I shook my head and looked away. “I couldn’t.”
“You should have left me in the coop.”
“No.”
She could be as brave as she wanted, but I knew the truth. She was cold and sick and unprotected. If I’d failed, she’d have been on her own. If I’d succeeded in stealing the truck they’d know that I’d been in the town and they’d come back looking for Becky. I just couldn’t risk it either way.
The truck engine restarted in the distance. Iceman was leaving.
“Bense,” she said. “I heard what you said to Mason. I can take care of myself.”
I laughed, quiet and humorless, and looked at her. “Do you even remember what happened last night?”
“Bense …”
“Do you?” I said, raising my voice a little more. “You’ve got an infection, and you’re trying to heal, and now you’ve got Skiver and whoever else to worry about.”
“I’m glad you’re helping me,” she said. “I really am.
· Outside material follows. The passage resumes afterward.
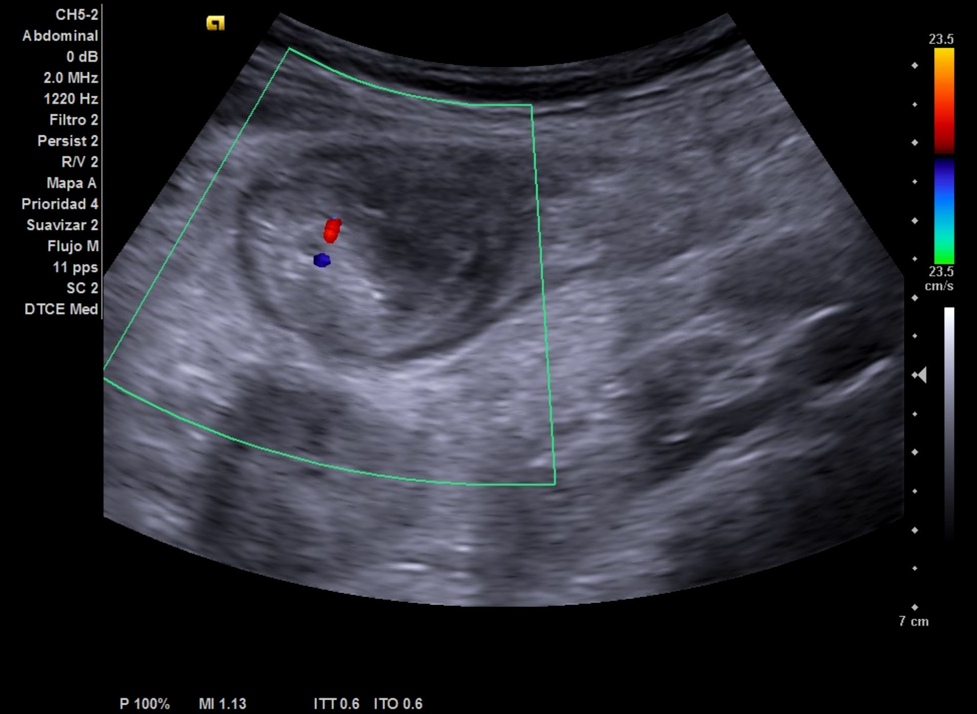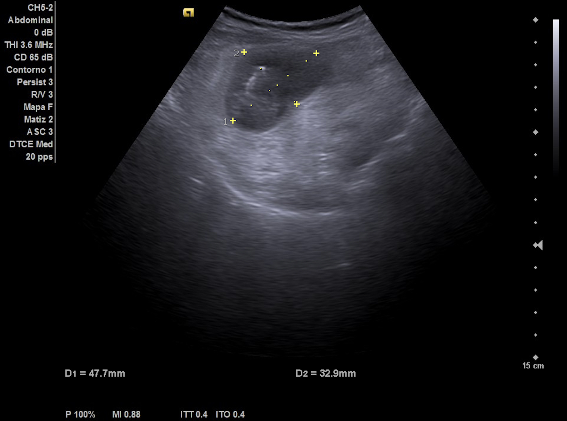 - Hígado de tamaño y eco-estructura normal. Riñón derecho normal. Imagen localizada anterior a riñón derecho, redondeada-ovalada, hipoecoica con zonas hiperecoicas en su interior, vascularizada probablemente compatible con signo de pseudo-riñón con sospecha de neoplasia de colon.

But you have to quit babying me. If we don’t get out of here then everything that’s happened is a waste.”
“Do you think I don’t know that?”
I stood up and walked back to the trees. No one was in the field anymore, and Iceman was nowhere to be seen.
“When we were at the fence,” Becky said, “and we ran, we knew we had to leave people there. They told us to run. They knew it, too—that it was the only way to escape.”
I turned back to her. She looked so small below me, down at the bottom of the bank, crouched in a ball to stay warm.
“So what do you want me to do?” I tried to temper my voice, tried to sound calm, but days of frustration couldn’t be held back. “The truck’s gone. Mason’s dead. I did the best I could.”
She looked back at the stream, and then struggled to her feet. Her coat and pants were black with dirt.
“I’m not going to just head into the forest,” I said. “Not until you’re better.”
Becky looked up at me, the hardness in her face replaced with something else—I wasn’t sure what. She stepped into the stream, shuddering with cold as the water filled her shoes.
“Becky.”
She just shook her head and kept her eyes on her feet. She waded across and then climbed up the opposite bank. I hurried after her as she pushed through the willows, slowly and cautiously, wary of every difficult step. The long, thin branches whipped back at me as I followed her.